■ ASSIGNMENT
Copy the entries exactly. Their pictures do not belong in the copy.

[Dataset records]

⟨

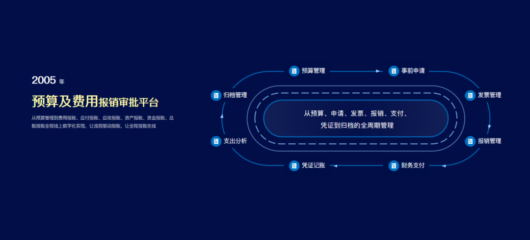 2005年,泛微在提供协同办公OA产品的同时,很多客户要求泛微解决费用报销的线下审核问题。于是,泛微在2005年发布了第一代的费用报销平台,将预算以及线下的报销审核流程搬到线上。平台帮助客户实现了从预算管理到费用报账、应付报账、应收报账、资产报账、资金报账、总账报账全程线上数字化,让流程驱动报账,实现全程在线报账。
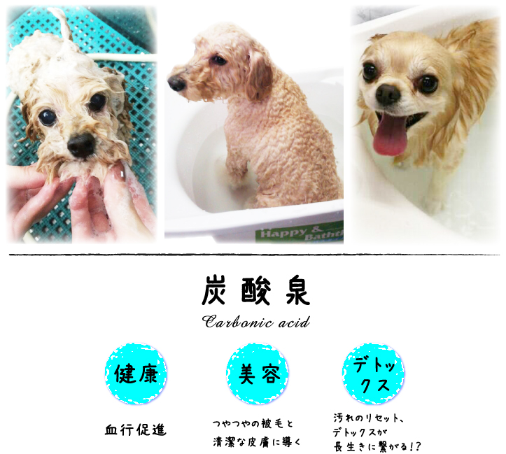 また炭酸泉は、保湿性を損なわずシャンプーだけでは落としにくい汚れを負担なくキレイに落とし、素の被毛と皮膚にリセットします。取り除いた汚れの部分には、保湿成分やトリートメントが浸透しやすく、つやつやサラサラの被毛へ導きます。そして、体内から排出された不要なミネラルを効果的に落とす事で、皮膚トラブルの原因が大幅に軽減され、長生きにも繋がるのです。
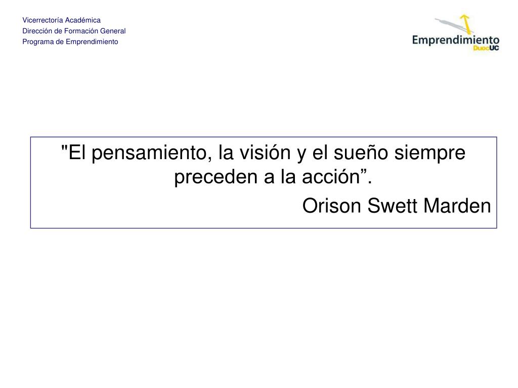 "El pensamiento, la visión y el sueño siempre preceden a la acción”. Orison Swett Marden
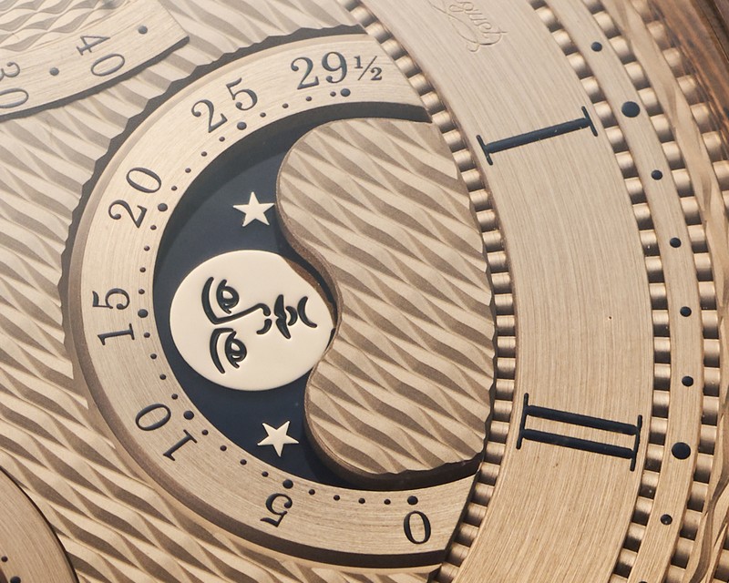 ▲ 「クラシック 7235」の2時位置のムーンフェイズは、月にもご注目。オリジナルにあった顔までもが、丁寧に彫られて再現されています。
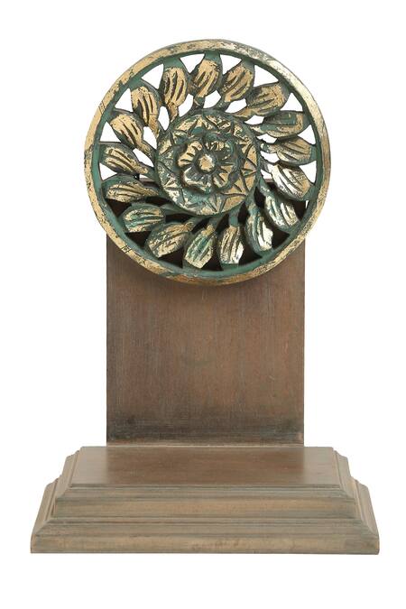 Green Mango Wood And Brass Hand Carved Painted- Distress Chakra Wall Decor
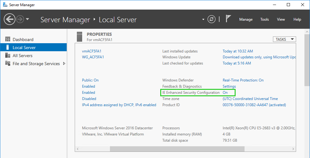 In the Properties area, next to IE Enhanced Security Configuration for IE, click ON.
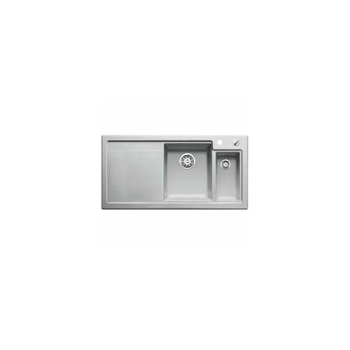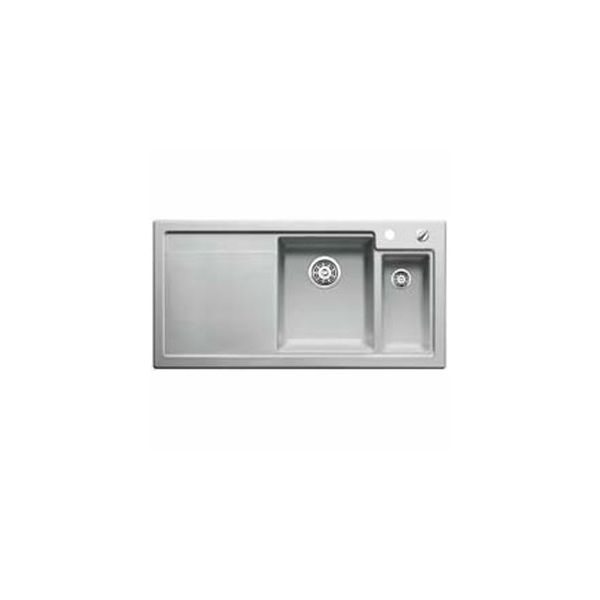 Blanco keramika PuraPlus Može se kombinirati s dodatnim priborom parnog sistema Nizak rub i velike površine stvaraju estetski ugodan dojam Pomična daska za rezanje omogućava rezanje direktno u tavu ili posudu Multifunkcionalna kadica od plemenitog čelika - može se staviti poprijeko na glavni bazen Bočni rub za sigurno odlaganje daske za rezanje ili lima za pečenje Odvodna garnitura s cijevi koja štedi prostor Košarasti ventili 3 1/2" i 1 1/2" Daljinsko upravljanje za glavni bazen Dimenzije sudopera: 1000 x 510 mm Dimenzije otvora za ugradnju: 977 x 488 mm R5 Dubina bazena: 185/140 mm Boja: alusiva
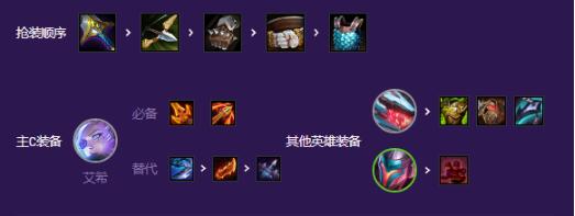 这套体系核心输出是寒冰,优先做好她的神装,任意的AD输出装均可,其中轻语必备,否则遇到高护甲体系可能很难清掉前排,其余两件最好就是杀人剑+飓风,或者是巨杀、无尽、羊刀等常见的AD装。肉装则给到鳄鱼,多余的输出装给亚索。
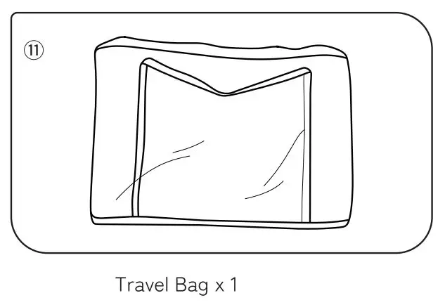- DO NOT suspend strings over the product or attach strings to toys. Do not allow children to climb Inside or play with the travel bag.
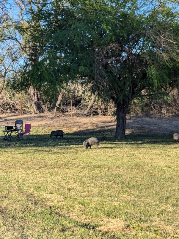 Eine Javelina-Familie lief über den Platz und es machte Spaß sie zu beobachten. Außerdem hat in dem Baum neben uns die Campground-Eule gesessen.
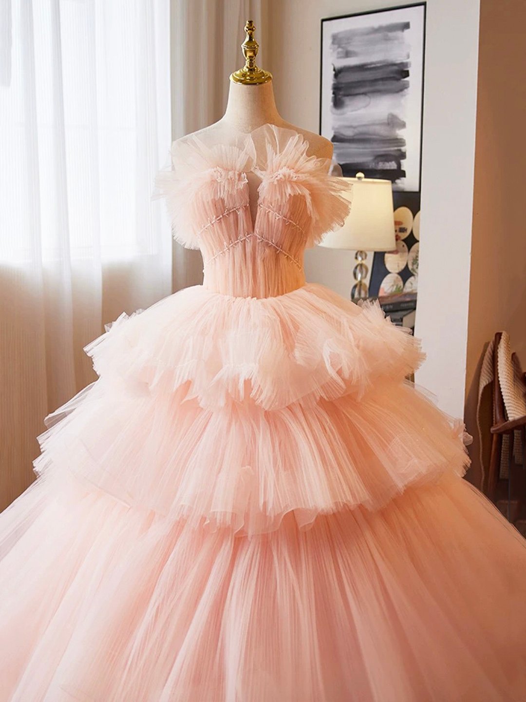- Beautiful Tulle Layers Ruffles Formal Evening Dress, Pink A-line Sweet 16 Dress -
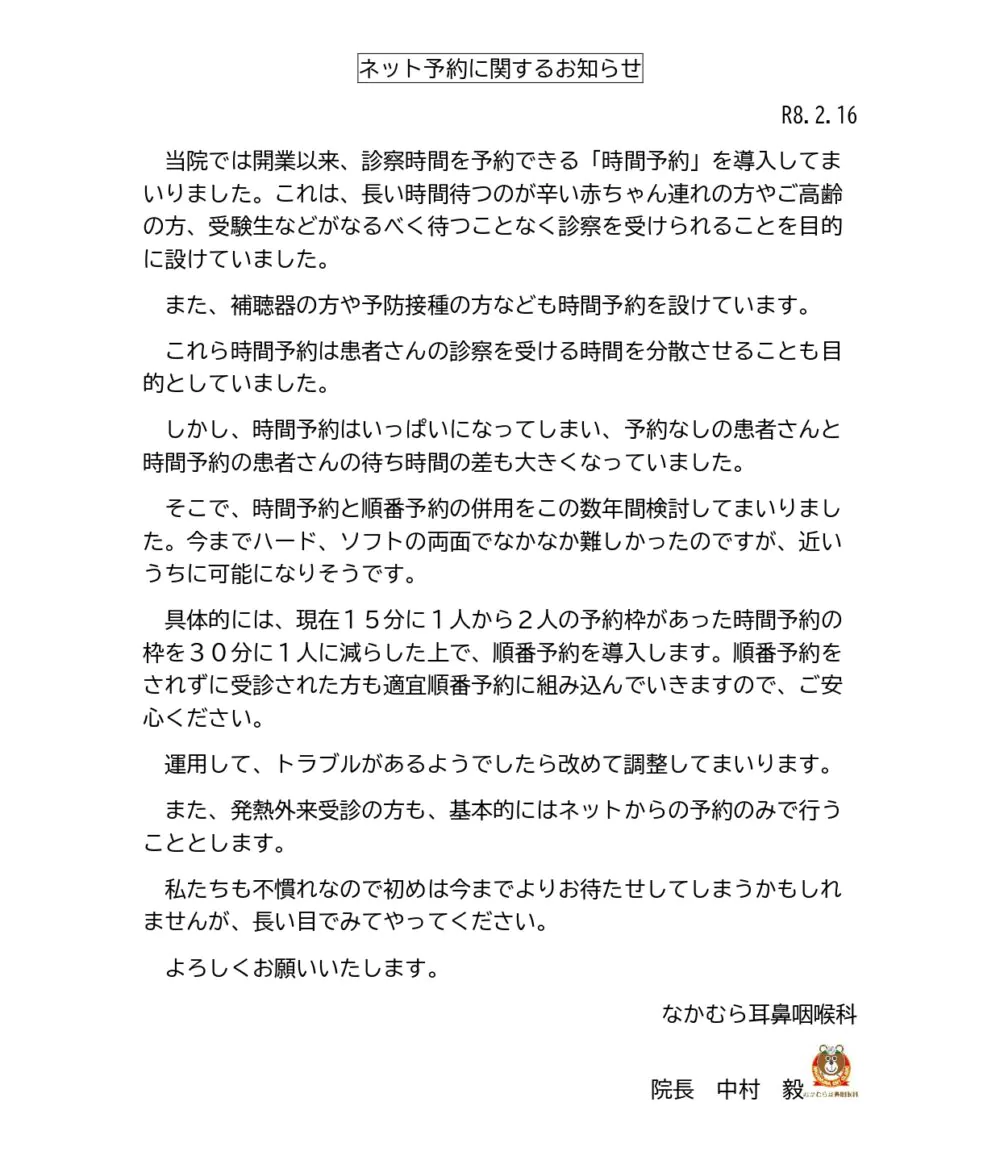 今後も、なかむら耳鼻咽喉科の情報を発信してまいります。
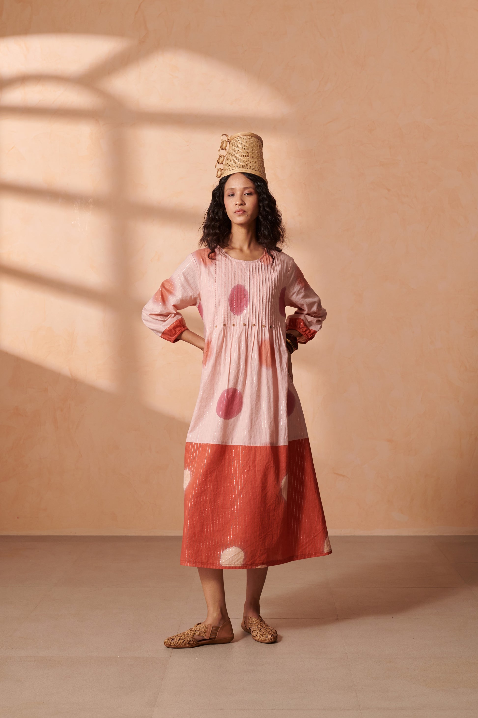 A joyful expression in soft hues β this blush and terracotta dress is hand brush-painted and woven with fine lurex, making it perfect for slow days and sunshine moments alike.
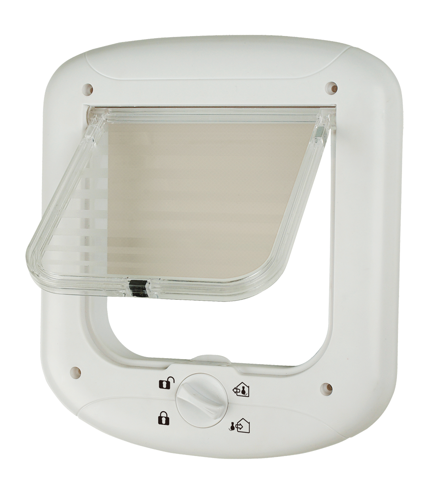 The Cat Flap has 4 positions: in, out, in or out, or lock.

⟩

■ SOLUTION TO THIS EXERCISE
 2005年,泛微在提供协同办公OA产品的同时,很多客户要求泛微解决费用报销的线下审核问题。于是,泛微在2005年发布了第一代的费用报销平台,将预算以及线下的报销审核流程搬到线上。平台帮助客户实现了从预算管理到费用报账、应付报账、应收报账、资产报账、资金报账、总账报账全程线上数字化,让流程驱动报账,实现全程在线报账。
 また炭酸泉は、保湿性を損なわずシャンプーだけでは落としにくい汚れを負担なくキレイに落とし、素の被毛と皮膚にリセットします。取り除いた汚れの部分には、保湿成分やトリートメントが浸透しやすく、つやつやサラサラの被毛へ導きます。そして、体内から排出された不要なミネラルを効果的に落とす事で、皮膚トラブルの原因が大幅に軽減され、長生きにも繋がるのです。
 "El pensamiento, la visión y el sueño siempre preceden a la acción”. Orison Swett Marden
 ▲ 「クラシック 7235」の2時位置のムーンフェイズは、月にもご注目。オリジナルにあった顔までもが、丁寧に彫られて再現されています。
 Green Mango Wood And Brass Hand Carved Painted- Distress Chakra Wall Decor
 In the Properties area, next to IE Enhanced Security Configuration for IE, click ON.
 Blanco keramika PuraPlus Može se kombinirati s dodatnim priborom parnog sistema Nizak rub i velike površine stvaraju estetski ugodan dojam Pomična daska za rezanje omogućava rezanje direktno u tavu ili posudu Multifunkcionalna kadica od plemenitog čelika - može se staviti poprijeko na glavni bazen Bočni rub za sigurno odlaganje daske za rezanje ili lima za pečenje Odvodna garnitura s cijevi koja štedi prostor Košarasti ventili 3 1/2" i 1 1/2" Daljinsko upravljanje za glavni bazen Dimenzije sudopera: 1000 x 510 mm Dimenzije otvora za ugradnju: 977 x 488 mm R5 Dubina bazena: 185/140 mm Boja: alusiva
 这套体系核心输出是寒冰,优先做好她的神装,任意的AD输出装均可,其中轻语必备,否则遇到高护甲体系可能很难清掉前排,其余两件最好就是杀人剑+飓风,或者是巨杀、无尽、羊刀等常见的AD装。肉装则给到鳄鱼,多余的输出装给亚索。
- DO NOT suspend strings over the product or attach strings to toys. Do not allow children to climb Inside or play with the travel bag.
 Eine Javelina-Familie lief über den Platz und es machte Spaß sie zu beobachten. Außerdem hat in dem Baum neben uns die Campground-Eule gesessen.
- Beautiful Tulle Layers Ruffles Formal Evening Dress, Pink A-line Sweet 16 Dress -
 今後も、なかむら耳鼻咽喉科の情報を発信してまいります。
 A joyful expression in soft hues β this blush and terracotta dress is hand brush-painted and woven with fine lurex, making it perfect for slow days and sunshine moments alike.
 The Cat Flap has 4 positions: in, out, in or out, or lock.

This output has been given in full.